Ana thought then of Nicolas. Her students at Tulane. Of late nights in the Quarter, the singing of cicadas, and sunrise on the Mississippi River. Her father. The homesickness flooded her and a sinking flutter rose to her chest as she realized all she had left behind.
How long am I going to do this? When will things be fixed? How will I even know? And how long will it take?
“As long as it takes,” she whispered, and waved at Alex as he drove away.
Chapter Two: Nicolas
People always said it was difficult to startle Nicolas Deschanel; that he was not easily unnerved. He had been through more craziness in thirty years than most see in an entire lifetime, and for the most part, he was always calm.
He lived alone in the old plantation of Ophélie, just outside New Orleans. There was not much left of it anymore. There was the Big House; that giant Greek Revival monster with columns running two stories high. Beyond that, there were some buildings that had fallen into disrepair, including the old slave cabins that now overlooked miles of oil fields which backed the property. He’d never lived anywhere else, unless you counted his random, extended disappearances over the years.

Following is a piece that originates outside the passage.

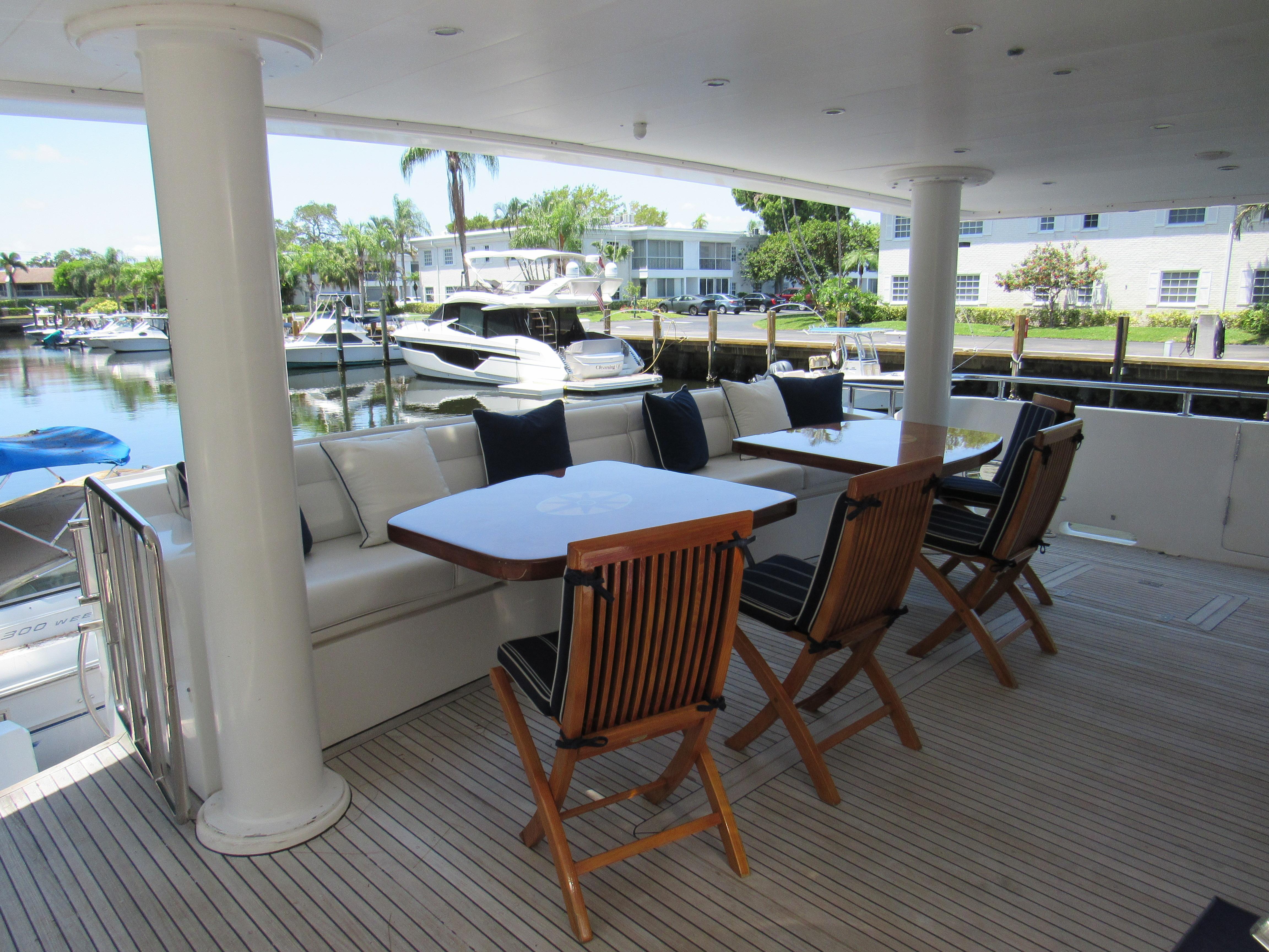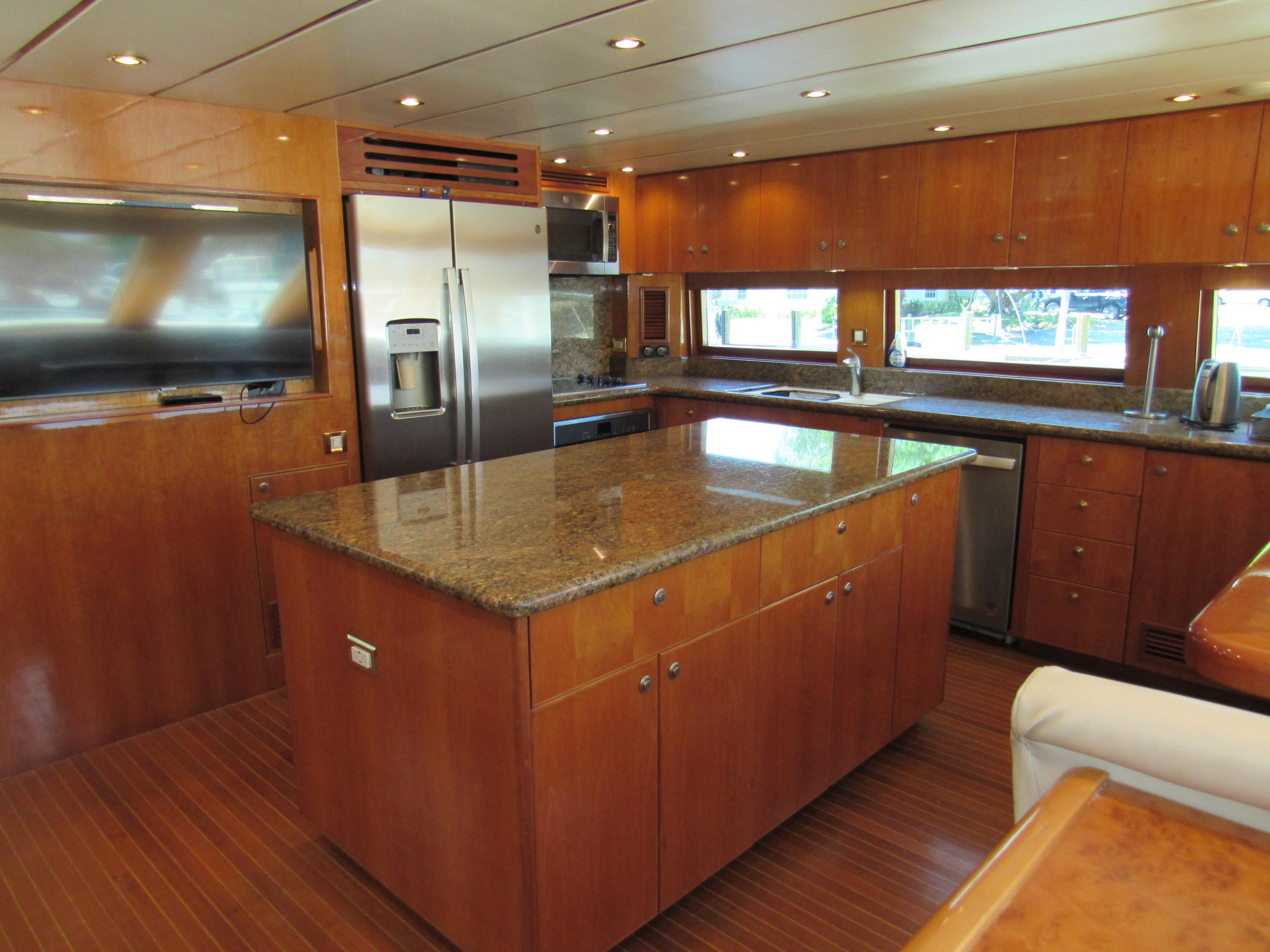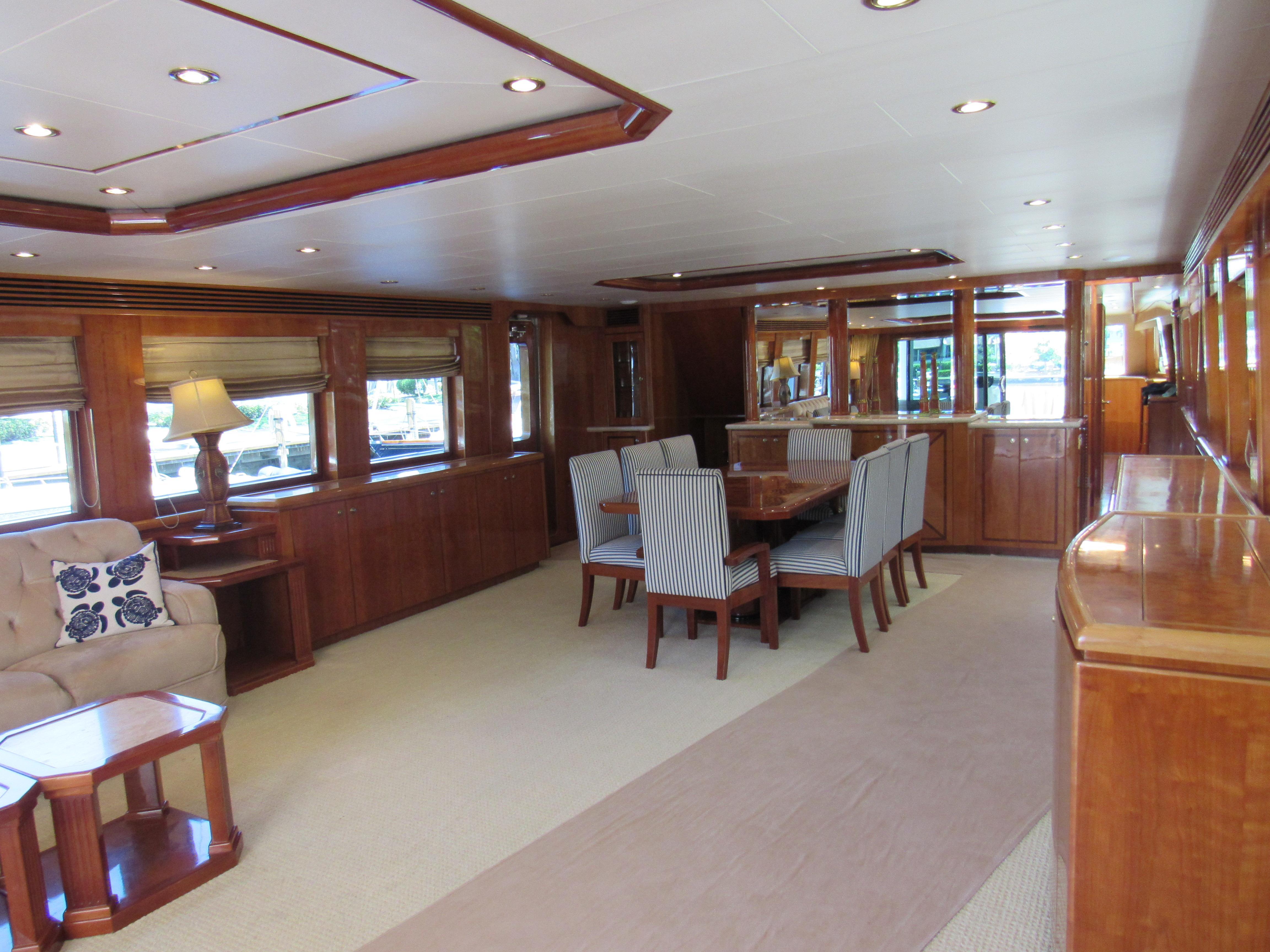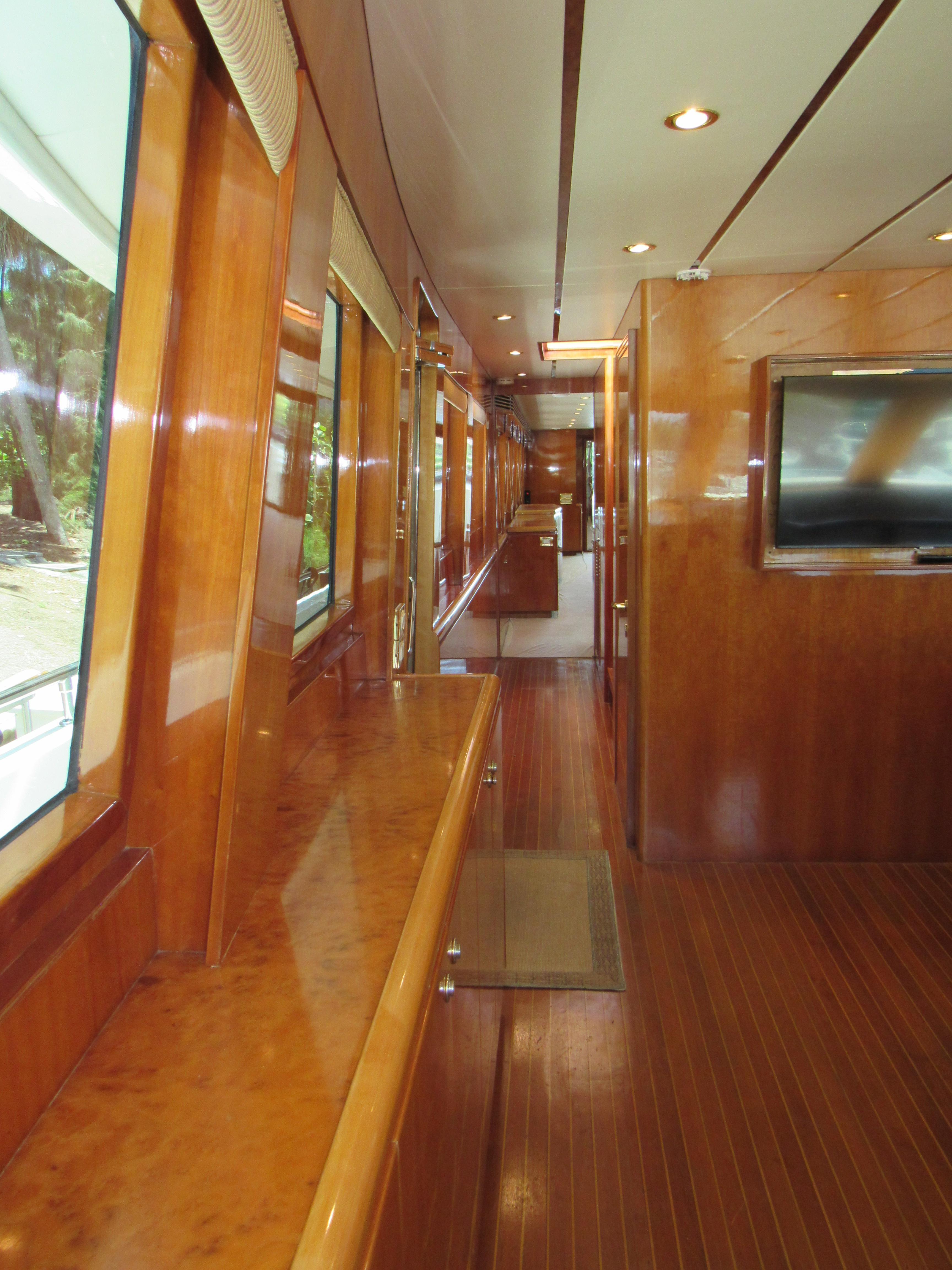 Sanctuary is a raised pilothouse design with walk-around decks, four staterooms and three cabins for crew. Galley / Country Kitchen is forward on the main deck. Aft on the main deck is a generous salon with a dining area forward and lounge / social area aft. Staterooms are on the lower deck including a full beam master, VIP, twin berth stateroom and library with single berth and pullman.Crew accommodations are both forward and aft. Two cabins are forward of the galley, each with ensuite head and shower. An engineer’s cabin with separate head and shower is aft with access from the swim step.

The plantation was big, and it was lonely, and Nicolas Deschanel was exactly the opposite of big and lonely.
He was loud, foul-mouthed, and obnoxious, spending most of his time surrounding himself with people just like him. He loved the French Quarter, and still spent many nights enjoying its debauchery and enticements. He was slender of build, but could drink as much as someone double his size. He was fair of face, but the first thing people noticed when they met him was his overwhelming personality. At thirty years of age, Nicolas was still, always, the life of the party.
He was unmarried, and never planned to be otherwise. It did not take more than a few nights–a few weeks at most–before he would tire of a girl. He had sampled a variety of them: sexy, smart, dimwitted, adventurous, boring. There always came a point where Nicolas realized that the specific charms of the specific girl were no longer so specific or charming.